─── Available data ───
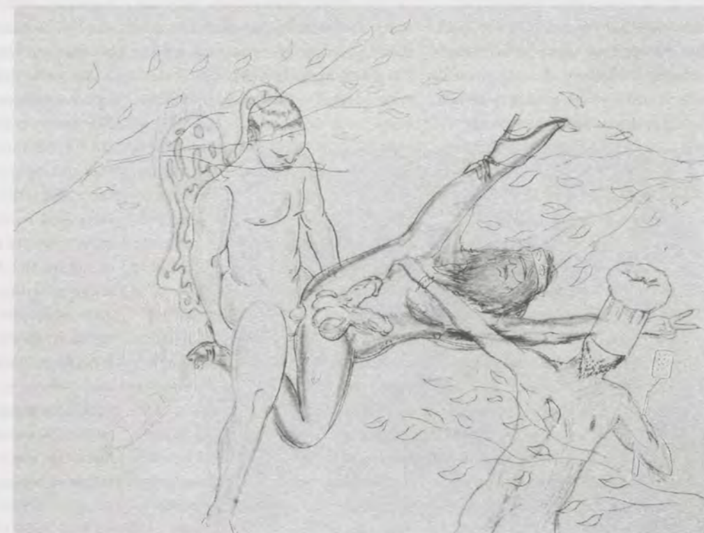
SPENCER SWEENEY, UNTITLED, 2003, colored pencil on paper, 11 x 13 1/2" / Farbstift auf Papier, 28 x 34,3 cm.

The tradition of personality embraced by Spencer Sweeney is much
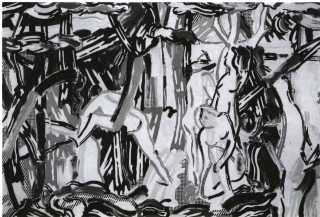
Roy Lichtenstein, Forest scene with figures , 1987. Huile et magna sur toile; 305 x 407 cm. Collection privée, Paris

«Le pop art renverse les valeurs. Les images de masse, tenues pour vulgaires, indignes d'une consécration esthétique, reviennent dans l'activité de l'artiste, à titre de matériaux, à peine traités. J'aimerais appeler ce renversement le «complexe de Clovis» : comme saint Rémi s'adressant au chef franc, le dieu du pop art dit à l'artiste : «Brûle ce que tu as adoré, adore ce que tu as brûlé.» Roland Barthes, L'obvie et l'obtus , (p. 181-182)
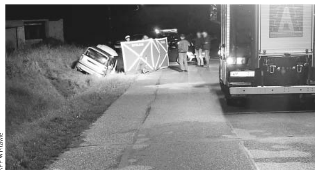
KPP w Mławie

Jak wynika ze wstępnych ustaleń policjantów, pracujących na miejscu wypadku, kierujący fiatem, 72-letni mławianin, jadąc w kierunku Mławy, zjechał na przeciwny pas ruchu i wjechał do przydrożnego rowu. Mężczyzna jechał sam, prawdopodobnie nie miał zapiętych pasów bezpieczeństwa. Uderzył głową w szybę
───
Whenever images occur above, omit them and retype each line exactly as it stands.

SPENCER SWEENEY, UNTITLED, 2003, colored pencil on paper, 11 x 13 1/2" / Farbstift auf Papier, 28 x 34,3 cm.

The tradition of personality embraced by Spencer Sweeney is much
Roy Lichtenstein, Forest scene with figures , 1987. Huile et magna sur toile; 305 x 407 cm. Collection privée, Paris

«Le pop art renverse les valeurs. Les images de masse, tenues pour vulgaires, indignes d'une consécration esthétique, reviennent dans l'activité de l'artiste, à titre de matériaux, à peine traités. J'aimerais appeler ce renversement le «complexe de Clovis» : comme saint Rémi s'adressant au chef franc, le dieu du pop art dit à l'artiste : «Brûle ce que tu as adoré, adore ce que tu as brûlé.» Roland Barthes, L'obvie et l'obtus , (p. 181-182)
KPP w Mławie

Jak wynika ze wstępnych ustaleń policjantów, pracujących na miejscu wypadku, kierujący fiatem, 72-letni mławianin, jadąc w kierunku Mławy, zjechał na przeciwny pas ruchu i wjechał do przydrożnego rowu. Mężczyzna jechał sam, prawdopodobnie nie miał zapiętych pasów bezpieczeństwa. Uderzył głową w szybę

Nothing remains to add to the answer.